The urban environment is a physical representation of human activities and as such is subject to measurement. A number of data sources help characterize this environment and describe its variability. Census data identifies buildings and their uses, cadastral maps show properties subject to different taxes and maps of urban infrastructure identify water, sewer or high voltage power lines. Geographic information for urban planning is formalized through cartographic representations such as topographic and thematic maps.

Presently in Portugal, the cartographic framework for municipal land planning requires compliance with demanding and complex technical specifications that are mandatory for the production of detailed maps of the required quality. To obtain such large-scale topographic maps, municipalities must devote the necessary human and financial resources. Consequently, detailed spatial information regarding municipal land use is only produced when the Master Plan is prepared. In the Portuguese land planning system, plan revision takes place every 10 years (the legal term for local plans), but longer periods are common.

Such update periodicity does not reflect the dynamic nature of the land use, and hampers the work of the municipal departments that deal with geographic information on a daily basis.

In fact, many situations that occur in the municipal context – such as updating cadastral databases, management of urban areas, street maintenance and construction or planning for such potential disasters as earthquakes or floods – require expedited production of digital maps at large scale.

B. The Solution – Using Earth Observations to Support the Planning Process

Aerial imagery has been the most common data source for mapping human activities in the urban environment [2]. Only recently, satellite images have gained interest as alternative data sources for mapping urban areas, mainly due to their higher spatial detail. This development coincides with the emergence of new integrated methodologies (e.g., GEographic Object-Based Image Analysis – GEOBIA) and new application fields that had previously been the domain of airborne remote sensing and can now be tackled by satellite remote sensing [3].

Very High Resolution (VHR) satellite imagery (i.e., images with spatial resolution equal or greater than 1 m) can now be used as a data source for extracting geographic information at the local scale and on a regular basis.
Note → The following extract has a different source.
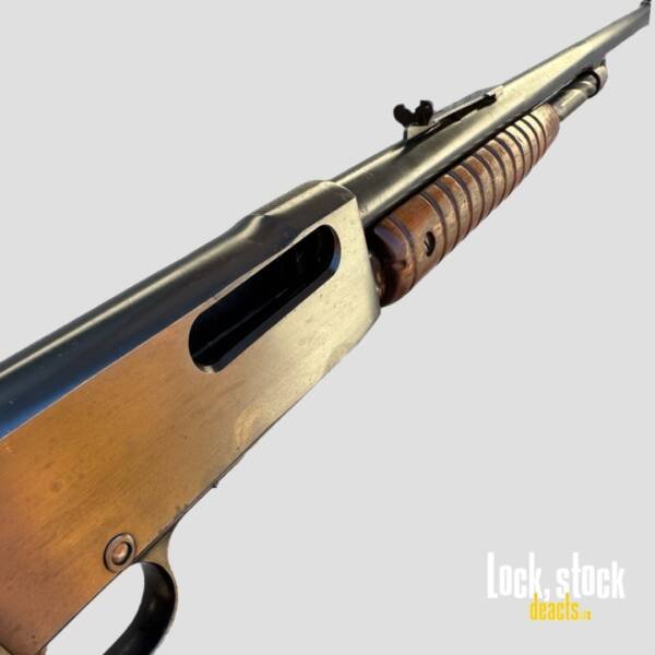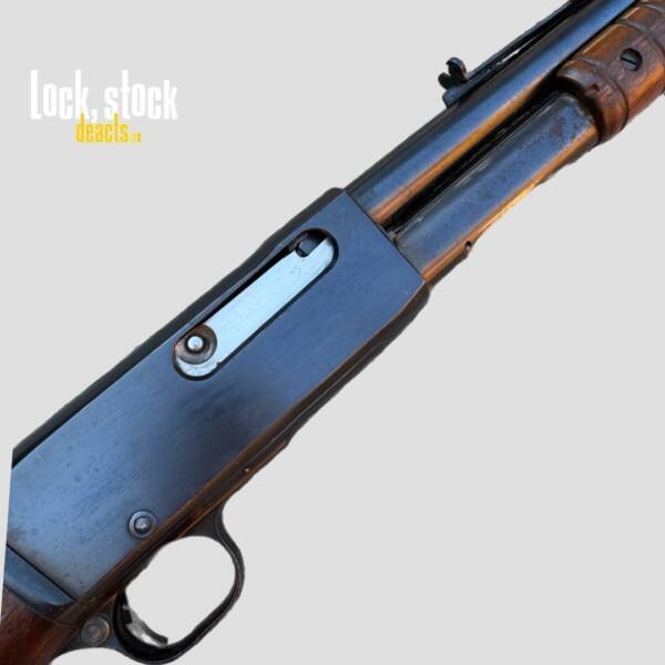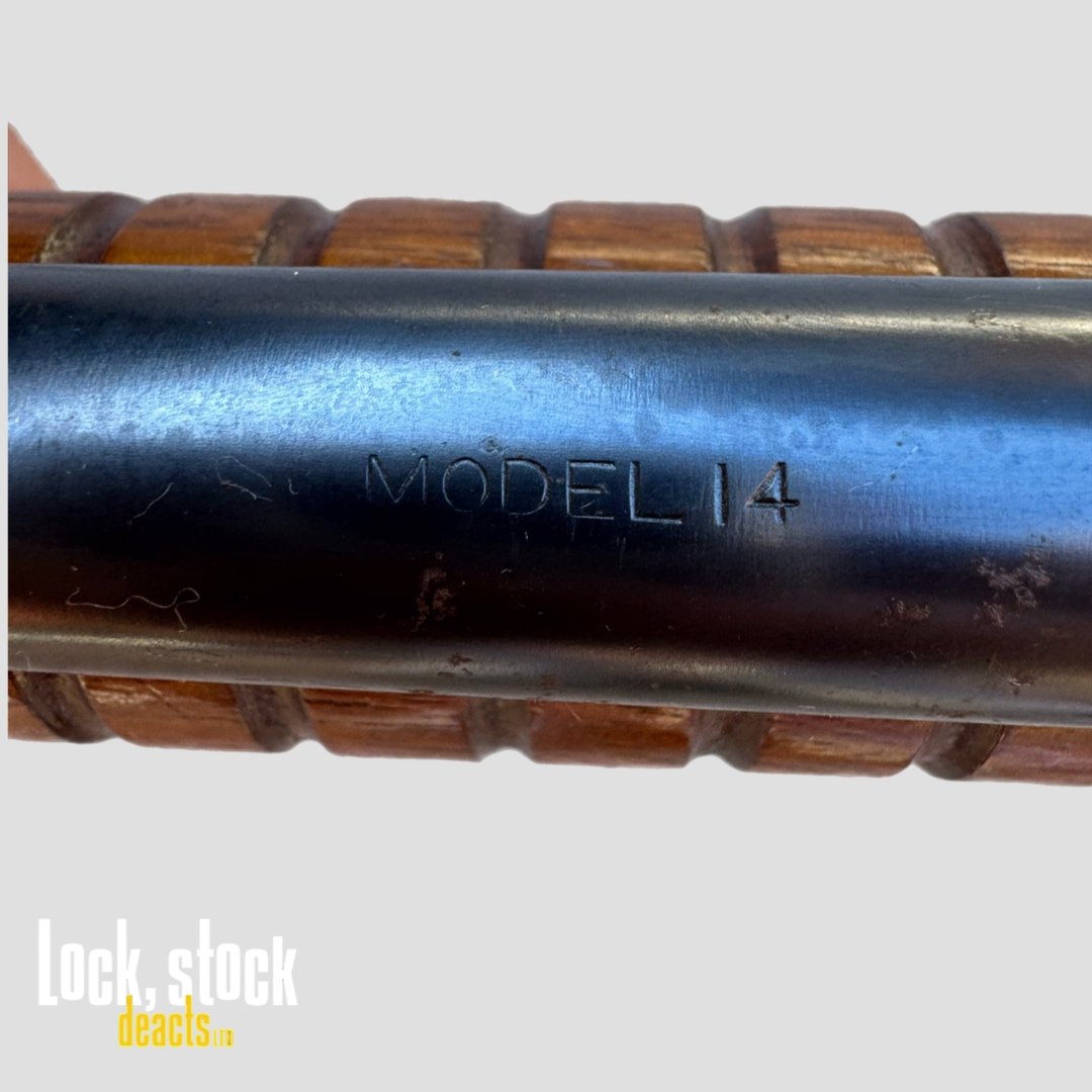 This deactivated Remington Model 14 pump-action shotgun is a superb example of early 20th-century American gun design. Manufactured by Remington Arms, one of the most iconic names in firearms history, the Model 14 is renowned for its reliability, solid construction, and smooth pump-action mechanism.

Its acquisition and processing is much easier and quicker when compared with the process based on aerial imagery. The detail and quality of the extracted geographic information, however, is still inferior to that obtained by photogrammetric methods. Nevertheless, for local applications where temporal resolution is paramount, the use of satellite imagery allows users to monitor changes in the urban status, making urban remote sensing a valuable contribution to research in urban geography and planning. Mapping land-use change provides an historical perspective and an assessment of the spatial patterns, rates, correlation, trends and impacts of that change.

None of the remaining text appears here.